Task details: Pictures aside, repeat every entry exactly.

Supplied material:
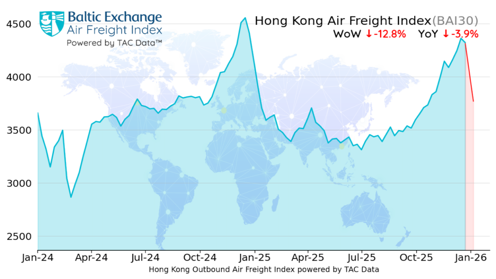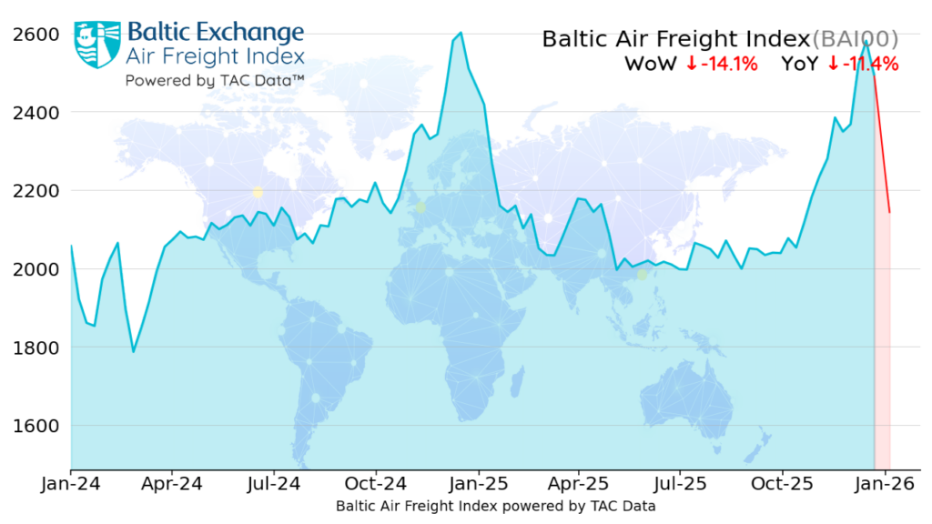 The global Baltic Air Freight Index (BAI00) calculated by TAC Data continued rising steadily through the first half of December before falling steeply in the final week after Christmas – ending the four weeks to January 5 lower by -15.0%.
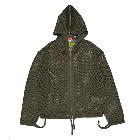 Kenzo Mens Tops. Fashion category: Hoodies & Sweatshirts. SKU: FF55CA7213CI-50. Color: Khaki. Kenzo Cotton Mesh Knitted Hooded Sweatshirt. This sweathisrt is crafted from cotton mesh and features an embroidered, zip-up knitted hooded design. It includes a two-way zip closure, a distinctive zipped hood, and thick drawstrings. The look is finished with an embroidered 'KENZO Paris' label on the back, just below the neckline. 100% Cotton. Made in China.
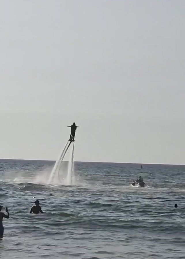 person flyboarding on the ocean, standing on a board propelled by jets of water, with arms outstretched for balance. A jet ski and other people are in the water, with some swimming or standing near the shore. The sky is bright and the ocean is calm with small waves.
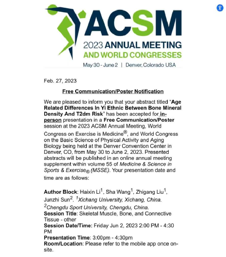 近日,我院2020级体育教育专业李海昕同学研究论文 《Age Related Differences In Yi Ethnic Between Bone Mineral Density And T2dm Risk》(世居亚高原彝族老年人骨密度与糖尿病发病风险相关研究)收到美国运动医学学会(ACSM)的录用通知,将于5月30日至6月2日参加ACSM 2023年年会和世界大会(美国·科罗拉多州·丹佛),该论文将在Medicine & Science in Sports& Exercise (SCI,JCR Q1)期刊中发表。李海昕同学在西昌学院体育学院伍朝明老师、王沙老师、刘志刚老师、孙君志教授(成都体育学院运动医学与健康研究所、Sports Medicine and Health Science期刊编辑部主任)的指导下以第一作者身份完成论文,西昌学院体育学院为第一完成单位。
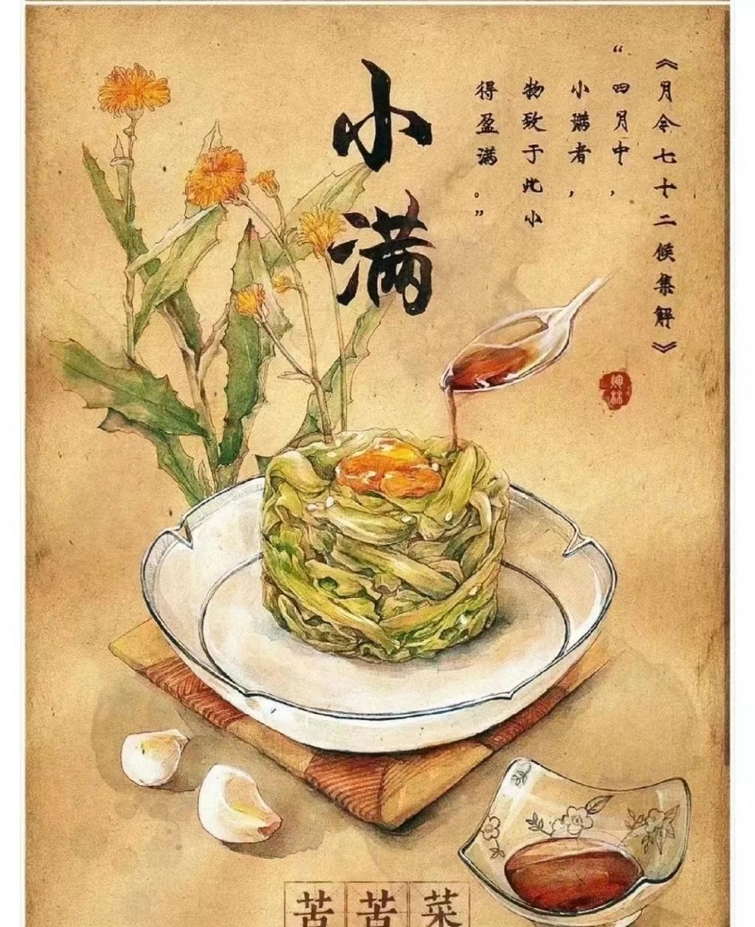 食野菜也是小满的风俗之一。苦菜是中国人最早食用的野菜之一。旧时民间有吃野菜、苦菜的习俗,可以清热去火。春风吹,苦菜长,荒滩野地是粮仓。医学上多用苦苦菜来治疗热症,古人还用它醒酒。
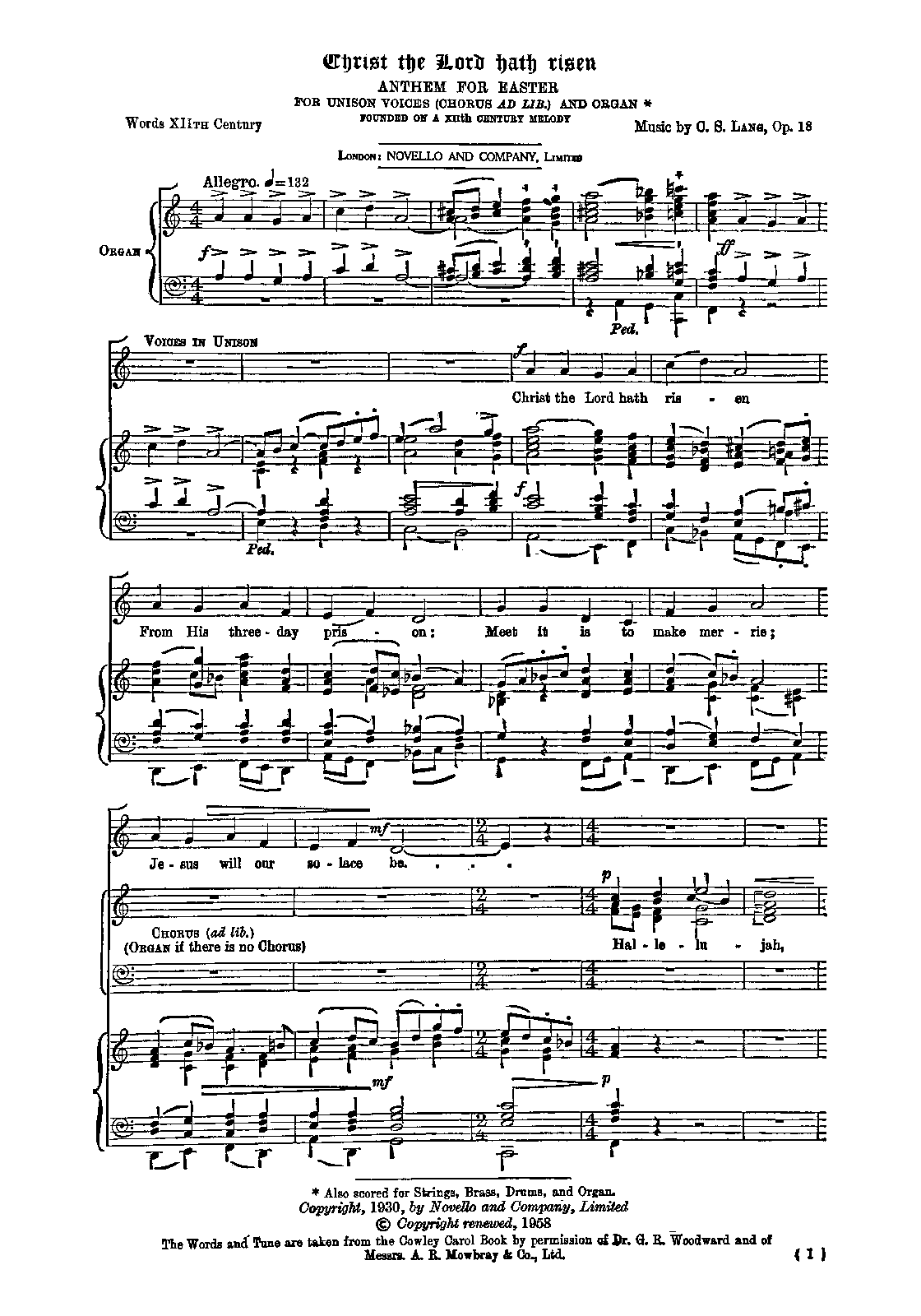 | Genre Categories | Anthems; Religious works; For unison chorus, mixed chorus, organ; |

Solution to this task:
 The global Baltic Air Freight Index (BAI00) calculated by TAC Data continued rising steadily through the first half of December before falling steeply in the final week after Christmas – ending the four weeks to January 5 lower by -15.0%.
 Kenzo Mens Tops. Fashion category: Hoodies & Sweatshirts. SKU: FF55CA7213CI-50. Color: Khaki. Kenzo Cotton Mesh Knitted Hooded Sweatshirt. This sweathisrt is crafted from cotton mesh and features an embroidered, zip-up knitted hooded design. It includes a two-way zip closure, a distinctive zipped hood, and thick drawstrings. The look is finished with an embroidered 'KENZO Paris' label on the back, just below the neckline. 100% Cotton. Made in China.
 person flyboarding on the ocean, standing on a board propelled by jets of water, with arms outstretched for balance. A jet ski and other people are in the water, with some swimming or standing near the shore. The sky is bright and the ocean is calm with small waves.
 近日,我院2020级体育教育专业李海昕同学研究论文 《Age Related Differences In Yi Ethnic Between Bone Mineral Density And T2dm Risk》(世居亚高原彝族老年人骨密度与糖尿病发病风险相关研究)收到美国运动医学学会(ACSM)的录用通知,将于5月30日至6月2日参加ACSM 2023年年会和世界大会(美国·科罗拉多州·丹佛),该论文将在Medicine & Science in Sports& Exercise (SCI,JCR Q1)期刊中发表。李海昕同学在西昌学院体育学院伍朝明老师、王沙老师、刘志刚老师、孙君志教授(成都体育学院运动医学与健康研究所、Sports Medicine and Health Science期刊编辑部主任)的指导下以第一作者身份完成论文,西昌学院体育学院为第一完成单位。
 食野菜也是小满的风俗之一。苦菜是中国人最早食用的野菜之一。旧时民间有吃野菜、苦菜的习俗,可以清热去火。春风吹,苦菜长,荒滩野地是粮仓。医学上多用苦苦菜来治疗热症,古人还用它醒酒。
 | Genre Categories | Anthems; Religious works; For unison chorus, mixed chorus, organ; |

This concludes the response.